Are you adequately advertising your salon? Although being close to a supermarket can get you plenty of walk-in clients, it doesn’t follow that advertising on the back of grocery receipts will bring you business, according to several salon owners we spoke with. Caruso-Jollette says that idea was a total failure. “Salespeople called wanting us to try advertising on the grocery bills. Well, we did, and we got almost no response at all.”

Dennison agrees: “We spent a lot of money to be on supermarket receipts, and we only got one client from it. Plus, the company that sold them was flaky.”

Dennison advertises her salon’s services in a local church newsletter.

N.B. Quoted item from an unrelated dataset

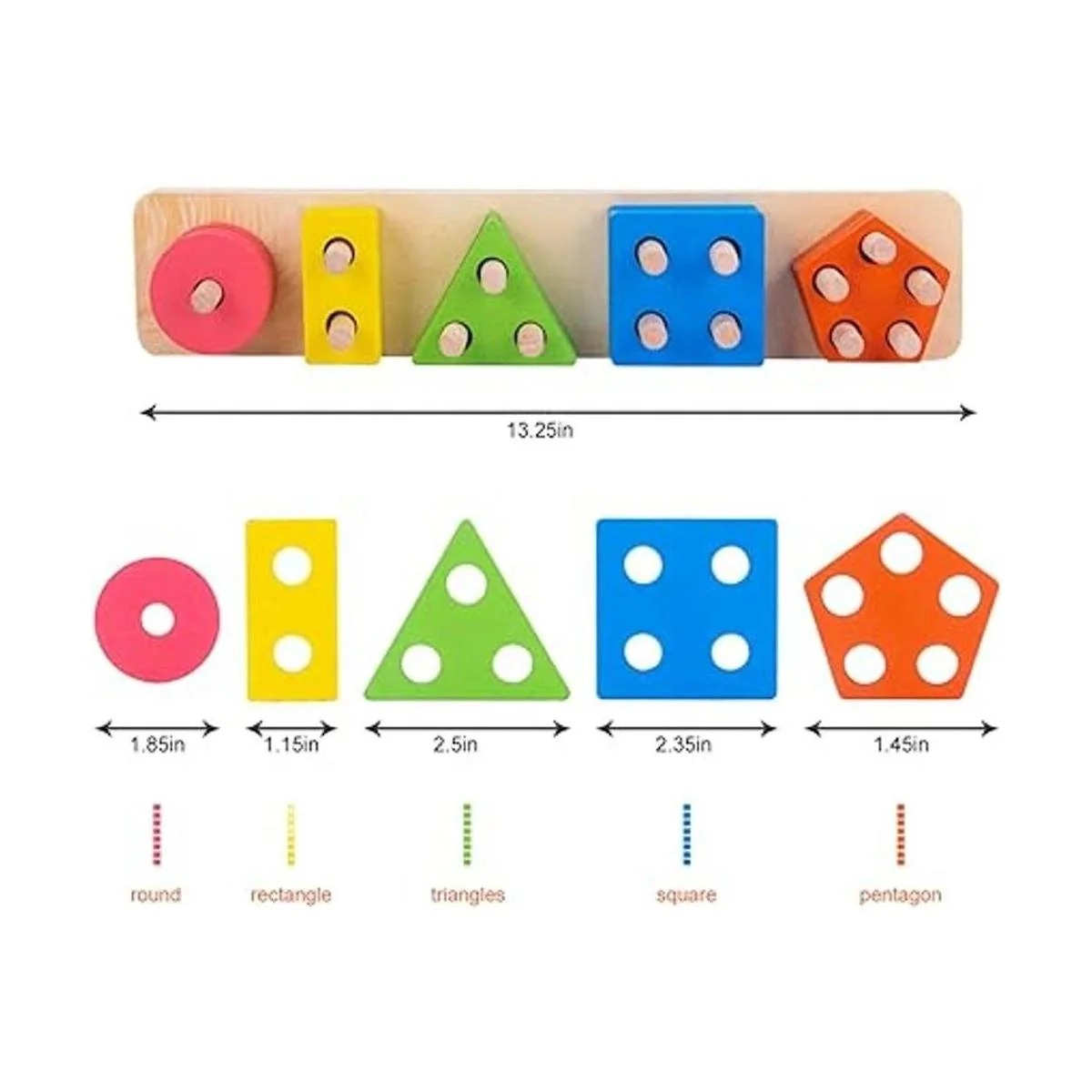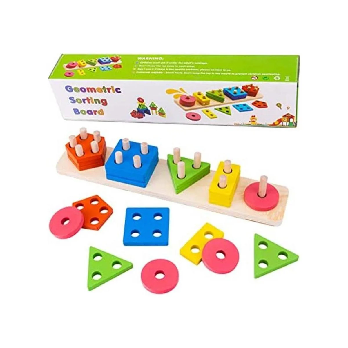 Juguete para niños de formas geométricas con base y piezas de madera coloridas apilables para aprender a clasificar colores y formas

“That brings in many clients.” Caruso-Jollette advertises yearly in local bridal magazines. “Bridal advertising always works. Brides want us to put together different deals and packages, and they don’t say no to expensive services,” she says.

Tricia at Happy Beauty Salon in Carle Place, N.Y., says, “We tried coupons and mailers, but some clients received them and others didn’t. We’re in a shopping center, so in-house specials work well. Walk-bys see our promotional signs and come in.”

Being Computer-Phobic

Don’t forget the power of the computer. Burge says, “When we had six salons back in the 1960s, we put large weekly ads in the local papers, which was expensive. But now we don’t have to. We use our database.” Burge says every new client goes in his computer database. Then he does mailings promoting specials and crossover services. 

“If a person comes in for a manicure or pedicure, we mail her an invitation to try our facialist,” he says.

Fanelli encourages every salon owner to become computerized. He does what he calls “service sampling.”

“For example, every client who receives hair services but not nail services gets a code in the database. Then everyone with that code gets a mailer offering either a free nail service or a discount on one.”

Turning a Deaf Ear on Employees

Your employees are valuable. You probably worked hard to get them, so take steps to keep them. Bell advises to “Address problems as soon as they come up. An employee came to me expressing a problem with another employee. I told her that the other employee wasn’t so bad, thinking the problem would go away. It didn’t.” If you ignore a small problem, it can become a big problem, she warns.

Cetta Mastronardi, owner of Cetta Boutique Ltd. in Port Jefferson, N.Y., advises that keeping the relationship between management and staff clear makes things a lot easier in the salon. She didn’t spell out the rules and regulations in the beginning, which caused friction.

“Take a little thing like who cleans up the salon after work. The senior workers felt like they didn’t have to do it so the younger ones did all the cleanup, and then they resented it.”

You have to make things comfortable for the employee, because even though you pay the rent – and pay for advertising and everything else – the technician feels she is still doing all the work.

"If she leaves, she takes her clients with her,” says Mastronardi.

Keeping your employees happy not only helps keep them, it can pay off in additional ways. Fanelli sees his company as a unified system; creative input and working together for a common goal are encouraged. He says his turnover is extremely low, partly because of this. What’s more, his employees have come up with fresh ideas.

Fanelli’s salon has a planning group made up of a cross section of his employees who brainstorm marketing and promotional ideas. “I encourage input from employees,” he says. One of the ideas the planning group come up with, Fanelli says, was “Theme Day, a day of entertainment and fun.” Everyone participates – clients as well as technicians – wearing costumes that fit in with the theme. According to him, the best promotions are those that let everyone, the technicians, the clients, and the owner, win.

Thinking of your salon as a business, hiring top-quality technicians, encouraging teamwork, and letting the community know who you are and where you are, are ways you can make your salon succeed – to the point where maybe you’ll one day be one of the top salons in the nation.